Me:”your car doesn’t have blinker fluid.”
Her:”I JUST SAID THAT PAY ATTENTION”
Dear BJ’s,
Either your employees are very rude…
Or, the name of your store is terribly misleading.Sincerely,
An ‘Unsatisfied’ Customer
Stop flattering yourself.
I’m not subtweeting you.
Ok, i am right now, but i wasn’t before.
“All I want is one nice photo”
My kids:
a bathrobe is being naked with plausible deniability and pockets.
[news anchor]
“New study shows that sex can lower blood pressure.”
Me: Did-
Wife: Your blood pressure is fine
Stonehenge is vulnerable to vandalism because it’s too easily accessible. If our ancestors had possessed any common sense they wouldn’t have built an important monument so close to a major road like the A303.
I appreciate customer photos on Amazon because sometimes I think, “I would love to buy this item, but first, I need to see it at its saddest”
Look, you can tell me what to do in an emergency and that’s fine, but I’m going to do what I do best, and that is panic.
I’m such a disaster that 9/11 and The Titanic would go out on a date together and watch a movie about me.
a perfect interaction just happened: a man at a bar came up to me and my friends and asked what we all did and I said I was a journalist and he said “oh like in spiderman”

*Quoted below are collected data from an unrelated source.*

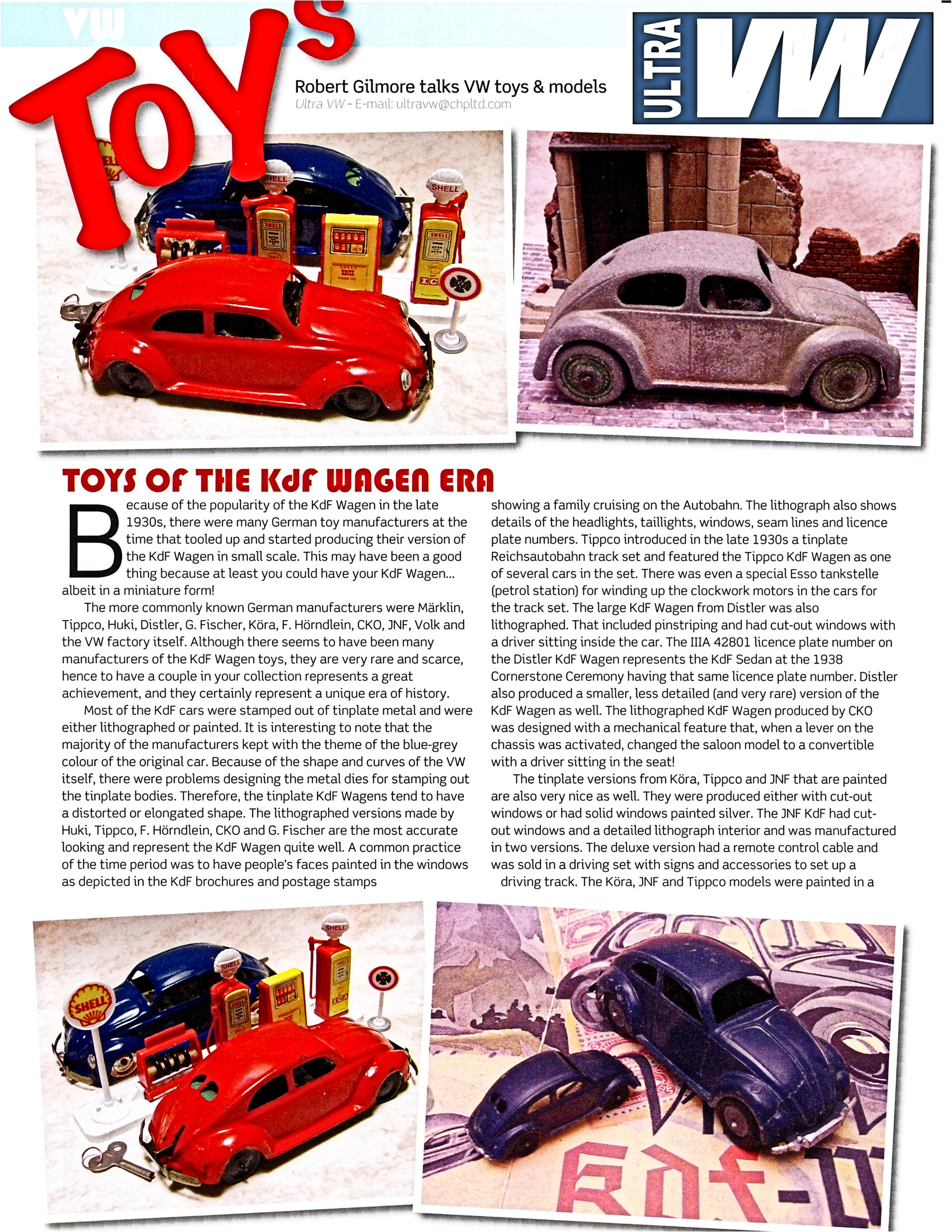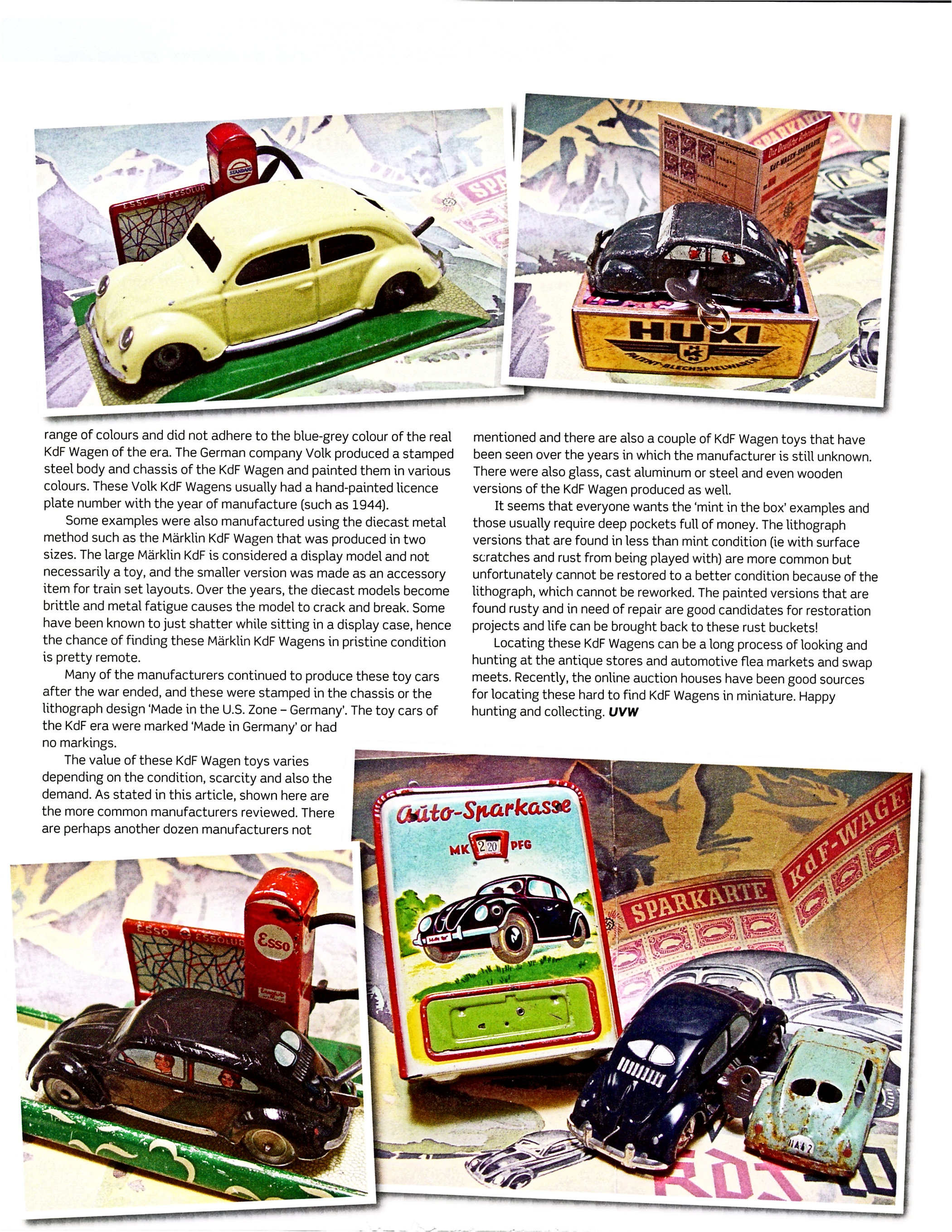 Most of the KdF Wagen cars were stamped out of tin plate metal and were either lithographed or painter. It is interesting to note that the majority of the manufacturers kept with the theme of the blue-grey color of the original KdF Wagen car.
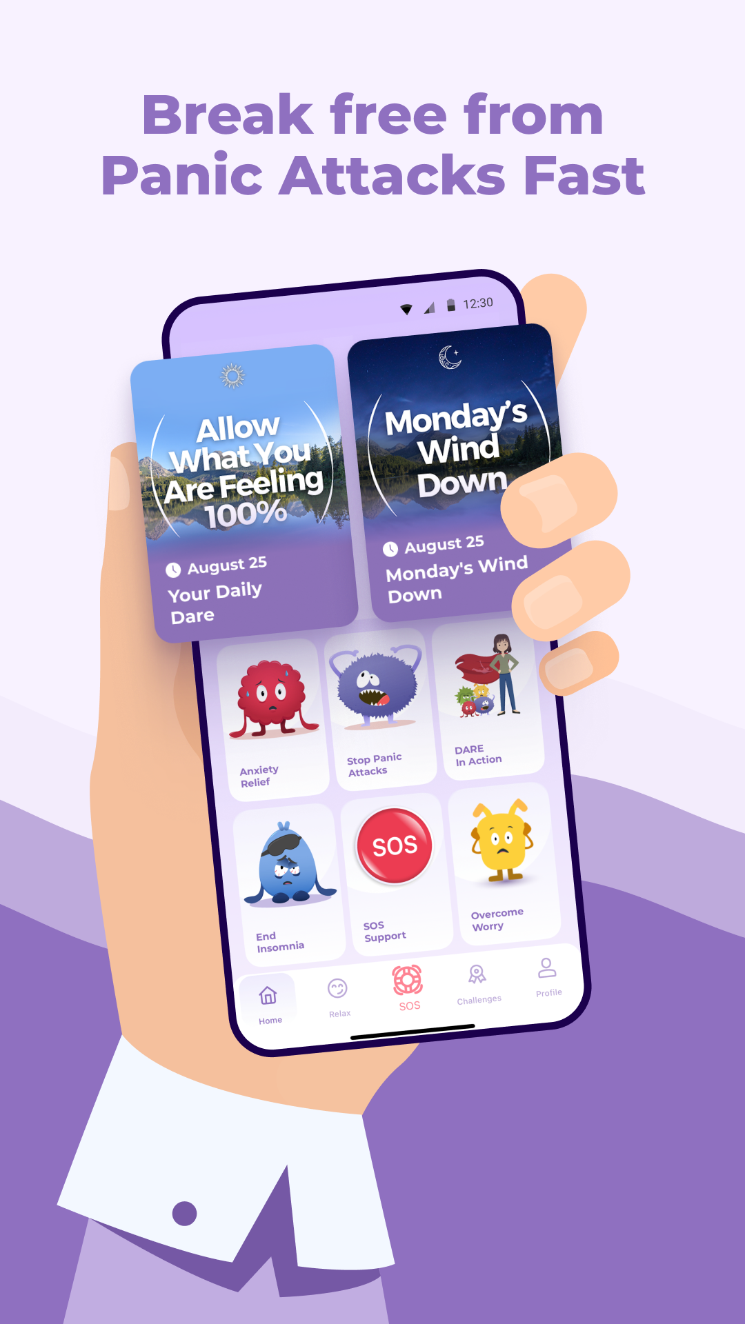 The DARE app is grounded in evidence-based techniques aimed at helping individuals overcome anxiety, panic attacks, worries, intrusive thoughts, insomnia, and more.
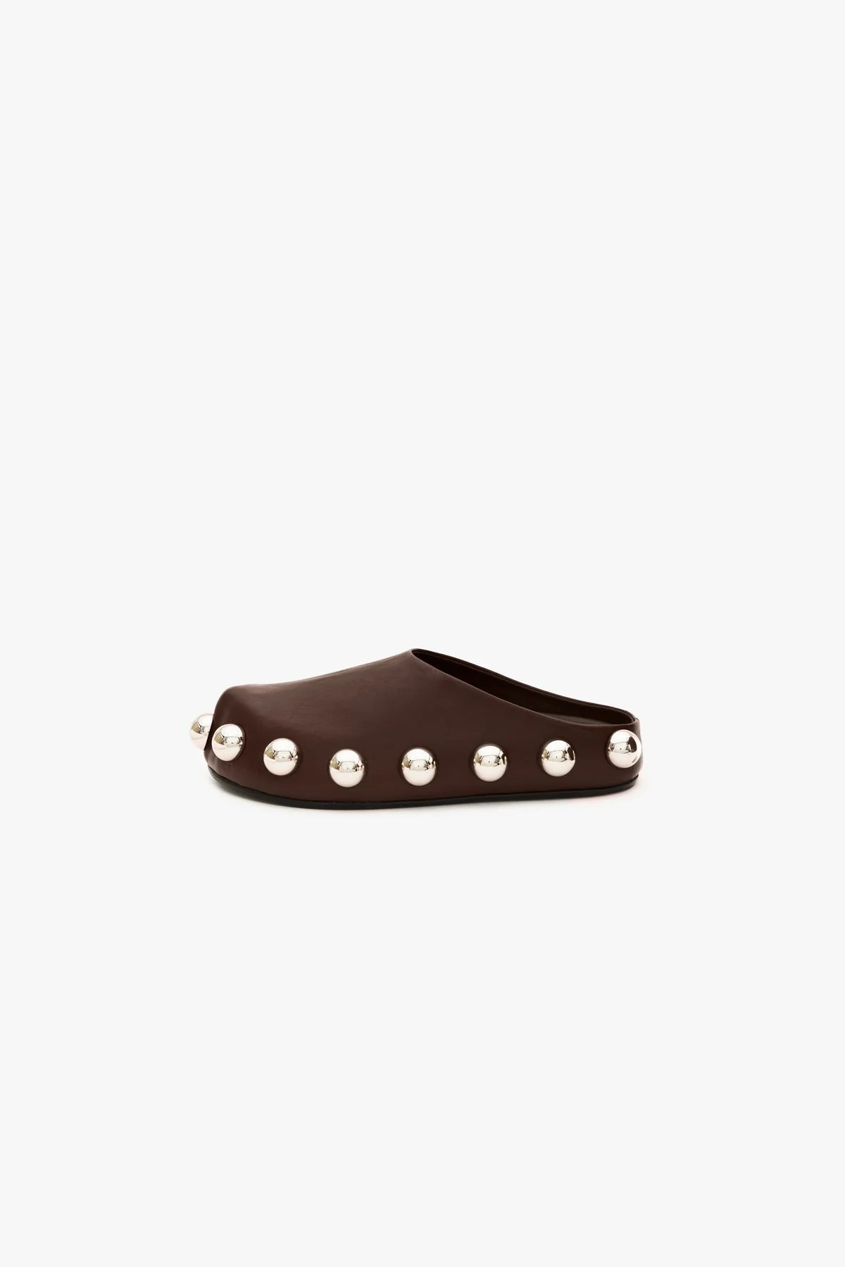 Handcrafted in Italy, these clogs reimagine the traditional style with bold, modern flair. Embellished with large exaggerated silver studs along the edges, they feature a flat silhouette, round toe and easy slip-on design. FIT & SIZE - Designed with comfortable padded soles that provide a generous fit. - We recommend opting for a size smaller, especially if you are between sizes. PRODUCT DETAILS - Upper: 100% Nappa Leather; Lining: 100% Leather - Comes with a dust bag. - Made in Italy.

Habitual Offender sounds more dignified than 3 time loser.
As soon as we’re able to go to church again I’m not going.
Day 1 of diet:
forgot I was on a diet and had a milkshake and fried chicken. Will try again tomorrow.
Auto correct changed “dingo” into “condom” which is still accurate. The condom did kind of eat my baby. All my babies.
Well well well… looks like someone put on some weight again.